A no contest plea will not be final until the judge completes their review. If they approve of the plea, they will issue a conviction, and the case will proceed to sentencing. Further, prosecutors can also treat the plea as a prior conviction, according to a 2005 ruling of the Florida Supreme Court.
When Can Someone Plead No Contest?
No contest pleas often appear as part of a plea deal. In exchange for a defendant pleading no contest, they may face a lesser charge that carries a more lenient sentence.
Bear in mind, however, that prosecutors often want a defendant to admit responsibility as part of a plea deal. Since no-contest pleas don’t involve any admission of guilt, they may prefer or require that the defendant make a guilty plea instead.
Your lawyer could recommend a no contest plea if they determine you do not have a strong defense, despite their best efforts to build one.
How Can a No Contest Plea Help?
Pleading guilty and pleading no contest will have the same ramifications in a criminal case. They differ in how each plea affects related matters in civil court, such as personal injury, malpractice, or wrongful death lawsuits from victims of the crime.
Judges or juries in a civil case might apply the negligence per se doctrine to determine a verdict.
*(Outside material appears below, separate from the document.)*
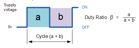 脉冲宽度速度控制前面我们曾说过,直流电动机的转速与其端子上的平均(平均)电压值成正比,并且该值越高,直到达到最大允许电动机电压,电动机旋转的速度就越快。换句话说,电压越高,速度越快。通过改变“开”(t ON)时间和“关”(t OFF)持续时间之间的比率,称为“占空比”,“标记/间距比率”或“占空比”,可以得出电机电压及其转速可以改变。对于简单的单极驱动器,占空比β为:
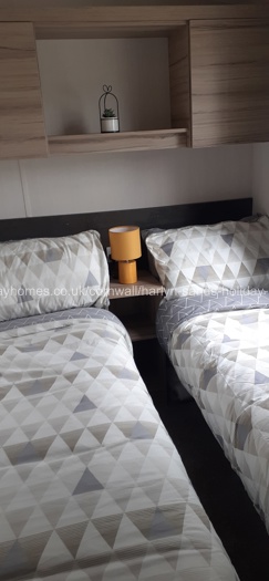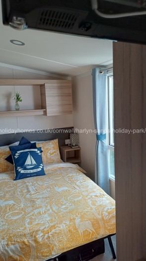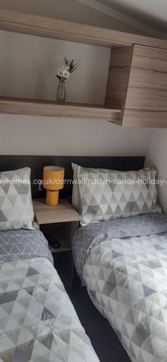 Our double glazed at central heated caravan at Harlyn Sands Holiday Park, has three bedrooms, one double with TV and two twin bedded rooms, one with TV. Each bedroom has plenty of storage space and hangers. There’s also a hairdryer provided.

A plaintiff may claim that you violated a law meant to protect them, and the court could admit a related conviction as evidence. If the plaintiff shows that the violation led directly to their injuries and losses, they might receive a favorable verdict, and you would be responsible for paying damages.
If you plead no contest, civil plaintiffs cannot use that plea against you and argue that you are guilty of the offense. They must work harder to show that you were at fault for their losses, then tie that evidence directly to their claims.
When Is a No Contest Plea Not Recommended?
Some situations where a no contest plea would not benefit a defendant include the following:
- The court is unlikely to consent to the plea – If you plead no contest, the court is not obliged to accept it.
- The judge would react unfavorably during sentencing – Some judges will consider whether a defendant accepted responsibility as they decide on a sentence. They may, therefore, issue a harsher punishment for no-contest pleas than they would for guilty pleas.
- There is enough evidence to support an acquittal – Remember that pleading no contest has the same consequences as pleading guilty. If you have a strong defense, pleading no contest wouldn’t make sense. Instead, your lawyer will advise you to enter a not-guilty plea and proceed with a trial. Further, if a judge determines that there is significant evidence in your favor, they should not accept a no contest plea.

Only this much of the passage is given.